A Growing Fear - Insight 14

A growing fear I have is one that has, honestly, only come about in the past year or so. It was once a mild worry, but now a deep-set fear.

Cattlemen across the United States have tried, hard, to share the greatest threat to beef and it is not hitting home with our people. We tried during COVID, we tried before that, we renewed efforts after, and now with high prices in 2025 we are trying again but it is not working.

If you asked me two years ago about my greatest worry, it was how to continue my family’s ranch once the responsibility transitions to my shoulders.

Now? I fear for our industry. I fear for one of our greatest food sources. I fear for our nation’s independent food production and security. I hold an overwhelming fear because no matter how much producers try to illustrate the problem, which is the four big companies price fixing at the top and unnecessary importation, the scapegoat is always the rancher or the farmer.

The villain is the producer and not the corporate middleman.

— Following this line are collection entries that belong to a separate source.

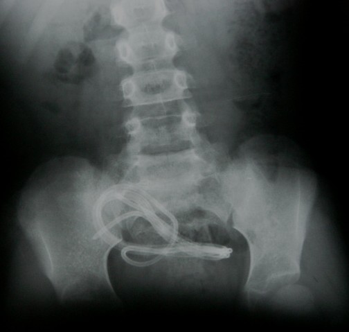 Resim 7: Karın röntgen filminde peritoneal kateterin karın boşluğuna göç etmesi (migrasyon) görülmekte.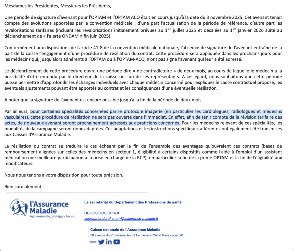 La période dite “contradictoire” de 2 mois constitue une tentative de freiner le mouvement de sortie de l’option. La CNAM évitera de communiquer avant janvier.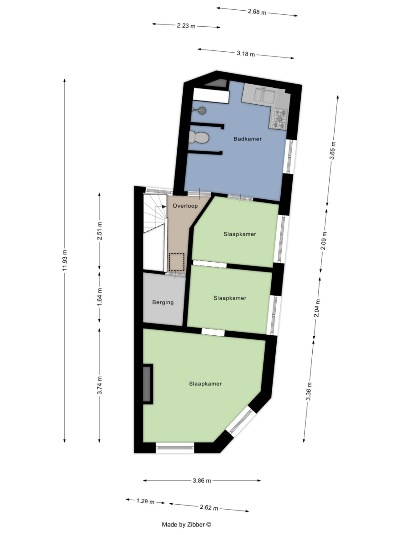 De tweede verdieping omvat een douchekamer met toilet, een slaapkamer (12m²) en een extra grote leefruimte die eenvoudig kan worden opgedeeld in twee slaapkamers van 15m² en 12m².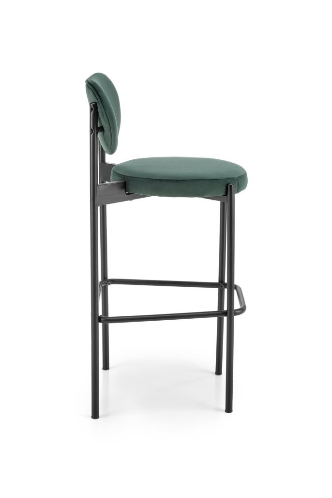 Barski stol Olenar s črnim kovinskim okvirjem in žametno zeleno tkanino prinaša moderen pridih vsakemu prostoru. Na voljo v različnih barvah za prilagoditev vsakemu stilu.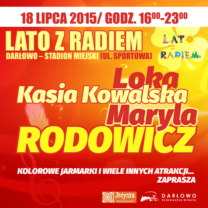 Już w najbliższą sobotę (18 lipca) w Darłowie odbędzie się koncert Lata z Radiem. Na muzycznej scenie wystąpią m.in. Loka, Kasia Kowalska i królowa polskiej piosenki - Maryla Rodowicz. Ponadto szereg atrakcji dla najmłodszych, plenerowe studio Polskiego Radia JEDYNKA, Polska Dziadek. Impreza odbędzie się na stadionie miejskim przy ul. Sportowej w godz. 16:00 - 23:00. Wstęp bezpłatny.
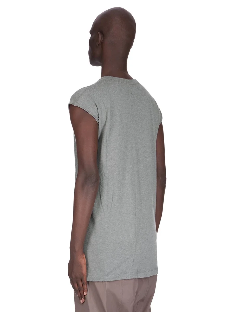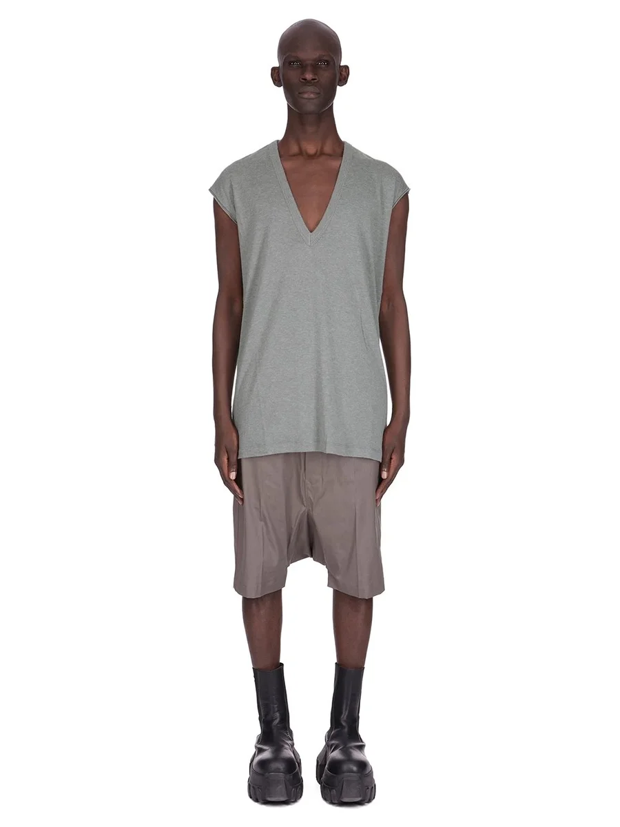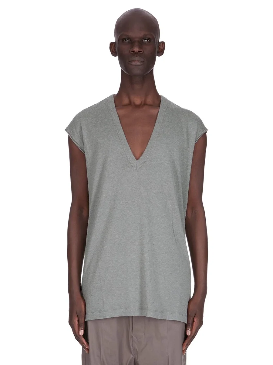 Dit shirt met diepe V-hals valt tot op de heup en heeft een diepe V-hals met brede tankvormige schouders en versterkte, ruwe mouwen. Het heeft de kenmerkende enkele naad die over het midden van de rug loopt.

Now, with President Trump’s suggestion of MORE imported beef into the nation it is highlighting a greater issue.

We produce over 12 million metric tons of beef a year. We already produce 20% of the beef globally. We have been the top world producer of beef for years. We export nearly 1.3 million metric tons internationally.

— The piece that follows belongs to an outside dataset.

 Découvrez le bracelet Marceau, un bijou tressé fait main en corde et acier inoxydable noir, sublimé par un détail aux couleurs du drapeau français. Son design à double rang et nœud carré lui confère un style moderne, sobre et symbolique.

Inversely, Brazil is now the second biggest world producer and has skyrocketed in production in the past few years because they have figured out a way to import beef to the United States and label is U.S. beef. You can send most of your thanks straight to JBS for that one.

As a nation, the United States imports beef every year from other nations, but one can argue you will never know the accurate number. Why? Because you can ship boxed beef into the nation, cut it into steaks and still call it a product of the United States all because the butchering process was ‘finished in the United States’. You may ask ‘Why’ again. Because Country of Origin Labeling (COOL) does not exist for beef. Consumers are constantly fooled at the store about what real U.S. beef is. You can only guarantee your meat is U.S. beef if you personally know your producer.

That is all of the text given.